Like Jorge Cotelo likes this

YESSS. I just got that issue as well. pipelines shows "Starting Agent" on web and the agent is showing online every 30 sec as normal

lassian Atlassian Team Apr 20, 2021

Hi,

I have identified a bug with websockets above and retries and have released a fix, can you please pull the latest version of the runner (ensuring you have v1.110 or greater).

When you receive the error above it will than resubscribe to the websocket I found an edge case where it was not.

Can you update your runners and tell us if your still experiencing these issues with this version.

Kind Regards,

Nathan Burrell

Hi, 

I pulled the latest image. (v1.110) and started the runner again. After two builds I got the same issue @Paulo Antoniassi was getting without the error.

Basically the web shows starting agent but it stays there forever while the logs in the runner still shows [2021-04-21 13:54:00,057] Updating runner state to "ONLINE"

lassian Atlassian Team Apr 21, 2021

Hi Jorge,

Can you provide me the uuid of the step that was stuck at starting agent, and the uuid of the runner.

Kind Regards,
Nathan Burrell

Hi @lassian 


I am using a private repo so I don't think you will be able to have any visual on it. I don't know if @Paulo Antoniassi  still have the issue.

After a few hours the pipeline times out

Hi, 

I've setup "dummy steps" on every commit to keep te runner alive so I don't have anything recent. Mine is a private repository too but I'm pretty sure Atlassian can get interesting logs even for private repos. 

I guess the following one was stuck, but I'm not sure about that cause restarting the runner resumes the step as anything happened, I'm just guessing considering 12 minutes of "build setup".

Step b0394b49-4dc3-4cd9-9e0b-3eabc89350ee (#108)

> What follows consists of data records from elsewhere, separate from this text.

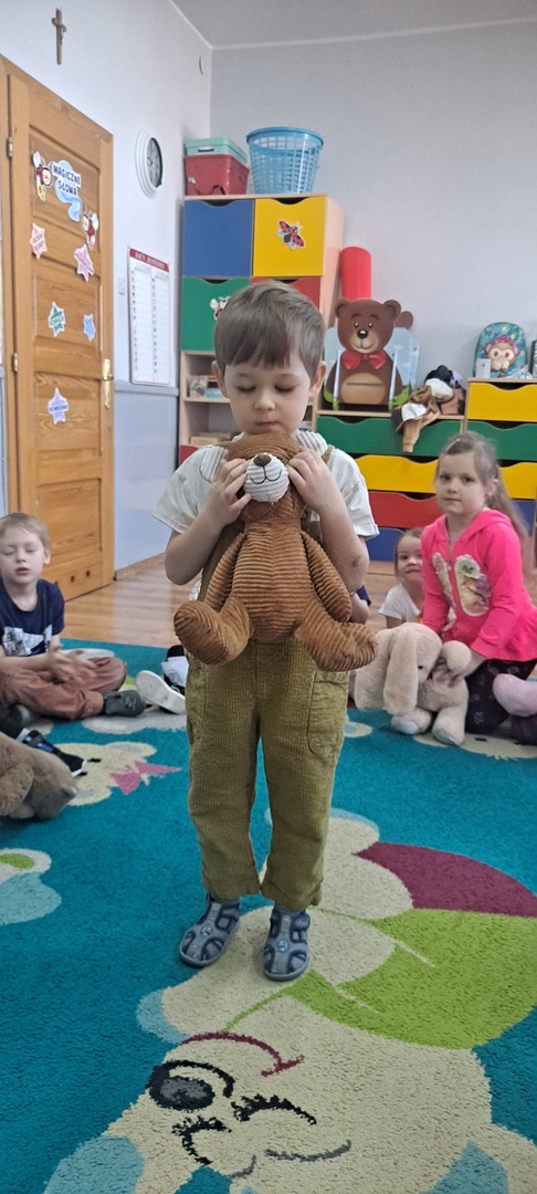 Przedszkolaki zostały zaproszone do wspólnej zabawy w misiowej krainie. Poznały historię święta, wspólnie recytowały wiersze o misiach, bawiły się przy piosenkach: „Dwa malutkie misie”, ‘Jadą, jadą misie”. Dla dzieci tego dnia przygotowano wiele atrakcji: zabawy ruchowe i plastyczne, zgadywanki, , śpiewanie piosenek, misiowe tańce . Na koniec zabawy dzieci złożyły przysięgę, że zawsze będą szanowały swoje misie. Ten dzień w przedszkolu pełen był uśmiechu oraz wspólnej zabawy.
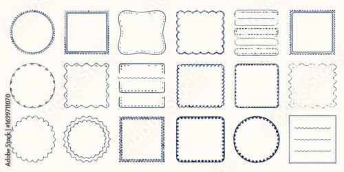 Collection of hand drawn decorative doodle frames and borders in various shapes and styles
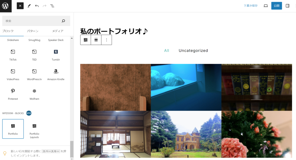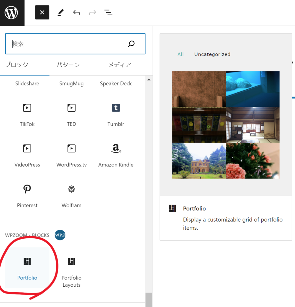 本文のあたりをクリックしてカーソルが点滅したら、左上の青い+アイコンをクリックします。挿入できるブロックの一覧が表示されます。下の方までスクロールすると、WPZOOMのプラグインによって追加されたブロックのグループが出てきます。このPortfolioにマウスカーソルを乗せると、サムネイルに登録した画像の一覧がポップアップします。いい感じになりそうですね。
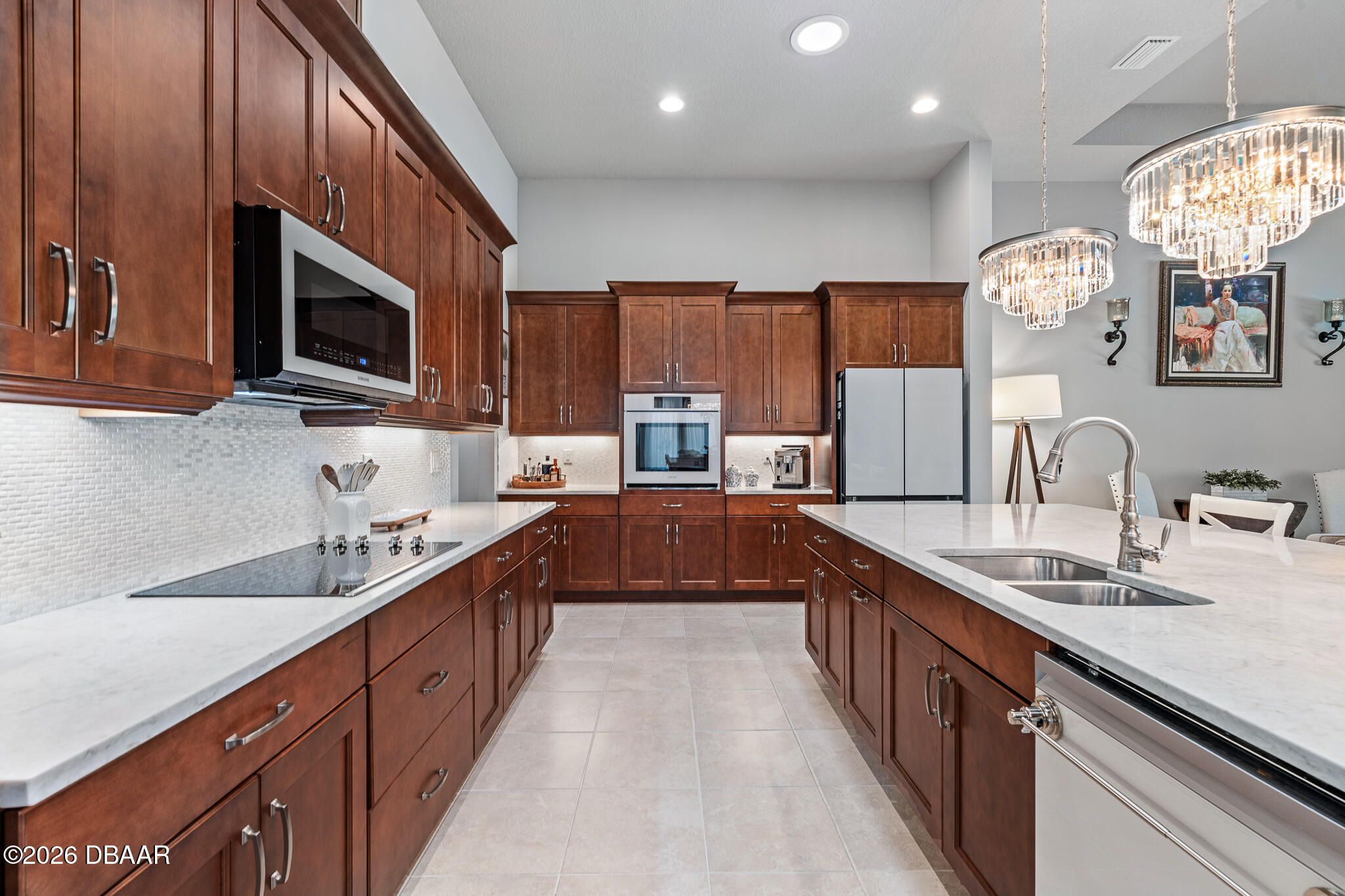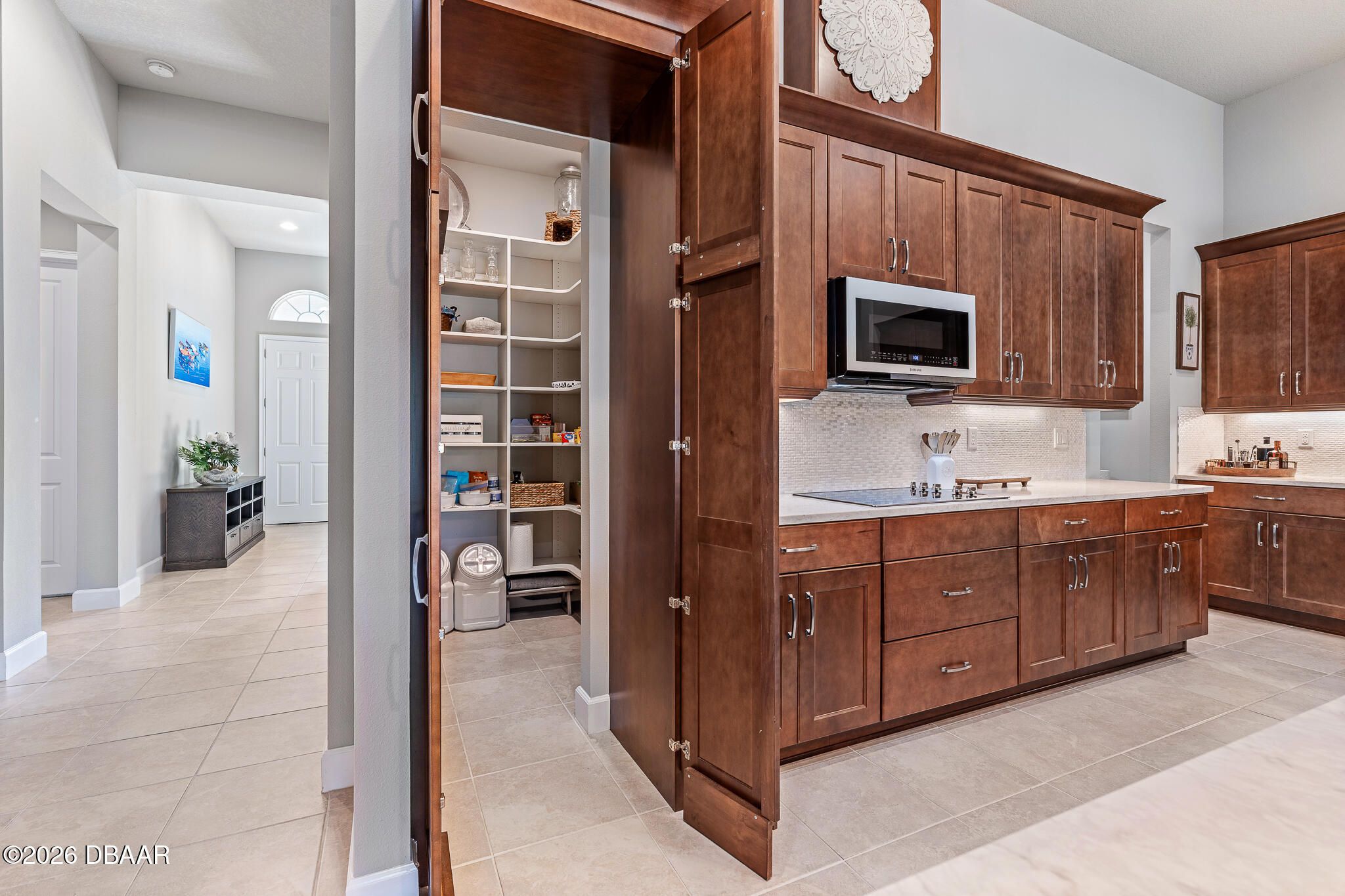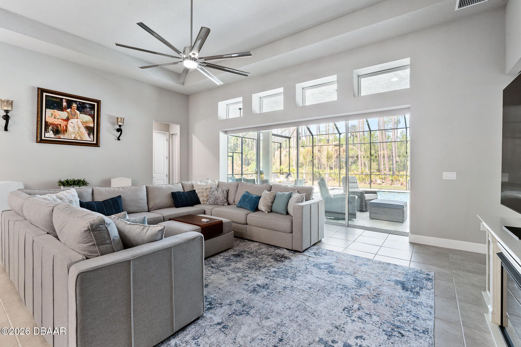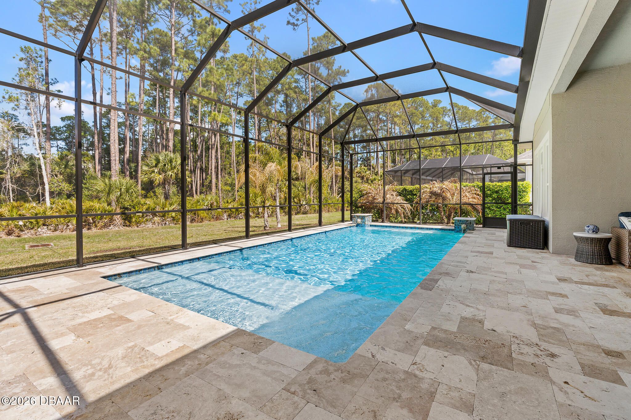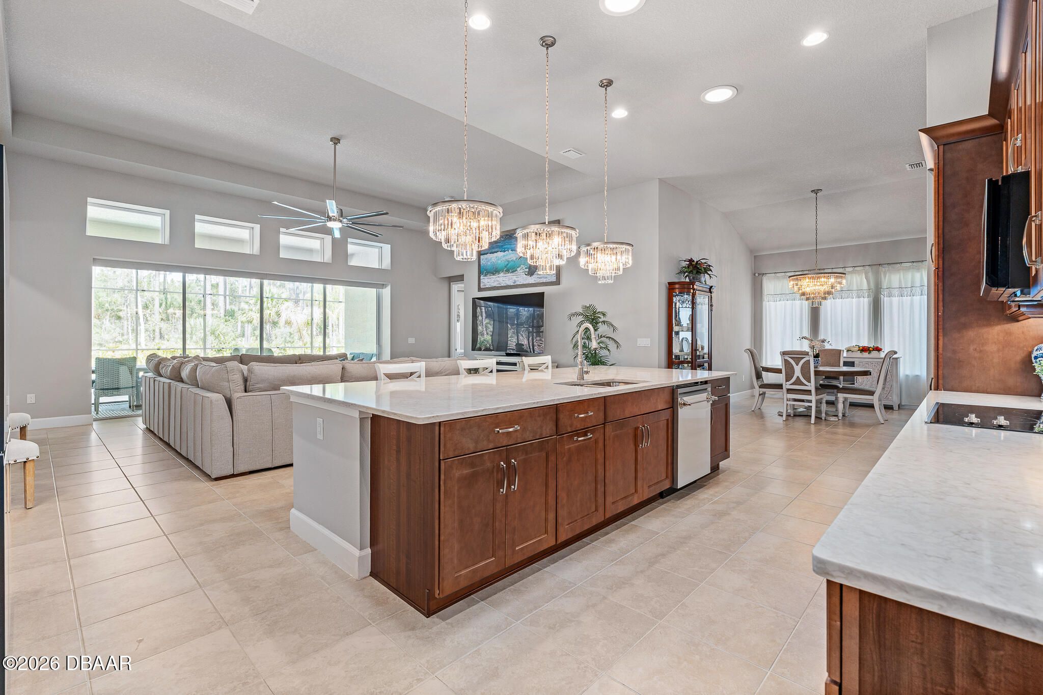Welcome to 352 Stirling Bridge Drive, an exceptional residence showcasing the highly sought-after Costa Mesa floor plan with the rare and desirable guest suite configuration, offering a level of flexibility and comfort not commonly found in this model. Designed with a timeless Mediterranean-inspired exterior and enhanced with numerous upgrades, this home features 3 bedrooms, 3 full bathrooms, and a spacious 3-car garage complete with overhead storage racks and a whole-house water filtration and softening system. With two suite-style bedrooms, the layout is ideal for accommodating guests, extended family, or multi-generational living while maintaining privacy for everyone. Upon entering the home, you are welcomed by an open flex space to the left, perfect for a home office, den, library, or additional sitting area, while to the right you will find the generously sized guest suite, designed to feel like a second owner's retreat. This private space is filled with natural light from multiple windows and includes its own full bathroom with walk-in shower, large vanity, and an oversized walk-in closet, creating a comfortable and inviting environment for visitors or family members. As you continue into the main living area, the design that has made the Costa Mesa an award-winning floor plan truly comes to life. The expansive great room, dining area, and chef's kitchen blend seamlessly together, creating the perfect setting for both everyday living and entertaining. The kitchen is highlighted by high-end Samsung appliances, a hidden pantry with custom shelving, abundant cabinetry, and an impressive, oversized island measuring approximately eleven feet wide, providing ample space for dining, serving, and gathering. The owner's suite is privately positioned at the rear of the home and offers beautiful views of the pool and outdoor living area through large windows that bring in natural light throughout the day. The en-suite bathroom features a spacious walk-in shower, dual vanities, and a customized walk-in closet with built-in storage designed for both function and style. On the opposite rear side of the home, the third bedroom is tucked away for added privacy and is located next to a full bathroom that also serves as a convenient pool bath, making it ideal for guests and outdoor entertaining. One of the standout features of this home is the seamless transition to the outdoor living space. The great room showcases 12-foot ceilings and a wide pocketing sliding glass door that opens fully to the expanded covered lanai and screened pool enclosure, creating a true indoor-outdoor lifestyle. The saltwater pool was thoughtfully designed with decorative fountains, upgraded travertine decking, and generous space for relaxing or entertaining. The fully built-out summer kitchen includes a refrigerator, propane grill, sink, granite countertops, and upgraded outdoor cabinetry, making this space perfect for enjoying Florida living year-round. Additional enhancements throughout the home include solar tubes for added natural light, upgraded lighting fixtures and designer ceiling fans, enhanced landscaping with decorative rock beds, upgraded carpeting in the owner's suite, and a UV light enhancement installed in the HVAC system for improved air quality. This home is located within the gated and golf-cart-friendly community of Plantation Bay Golf & Country Club, where residents enjoy optional membership opportunities featuring 45 holes of championship golf, multiple clubhouses, tennis and pickleball courts, resort-style and lap pools, a fitness and spa center, and an active social calendar. Buyers of this home may also be eligible for a substantial discount on the club's initiation fee, please contact the listing agent for details.

Repository eabc3499-aff6-4a5e-a5ff-4058c6bc57a2 (b5s/sic718_atendimento)

@lassian , 

Just got an confirmed one, from logs:

{accountUuid={105381f7-a165-4737-899a-c14d91b3b768}, repositoryUuid={eabc3499-aff6-4a5e-a5ff-4058c6bc57a2}, pipelineUuid={a4e15047-11c4-444e-99f8-9ecd1f769d3d}, stepUuid={d130fdd6-26ab-464d-bd41-86a030539f2d}}

 

I had to restart the runner to resume the step.

@Paulo Antoniassi@lassian 
Hello, Any update on this?

I can confirm this issue still happens. I created a few custom pipelines and run them on schedule every 1 hour. After approximately 10 hours the runner stops receiving request and then I have to restart it.
So is not "When idle for too long" it just stop responding and it still shows online on the web client and in the runner itself.

 

Regards

Just wanted to circle back since my original comment.

Since updating to v1.110, my runner has consistently run according to schedule.

Interesting. I am currently running v1.127 and still have the issue. 

thanks @Steven Rupert 

0 votes
lassian Atlassian Team May 10, 2021

Hi,

I have just released a patch to the runner that should stop it from hanging.

Please upgrade the runner and ensure you are running 1.133 and confirm for me if this occurs again.

Kind Regards,

Nathan Burrell

0 votes
lassian Atlassian Team May 05, 2021

Hi,

Can you all please raise a support case and attach the runner logs at the time a step was scheduled onto it but the runner didnt pick it up so we can investigate, and what step was assigned to it (one that is not in queued in the UI).

Kind Regards,
Nathan

Bump. 

Same sort of thing is happening to me.  But mine just hangs during checkout every time.  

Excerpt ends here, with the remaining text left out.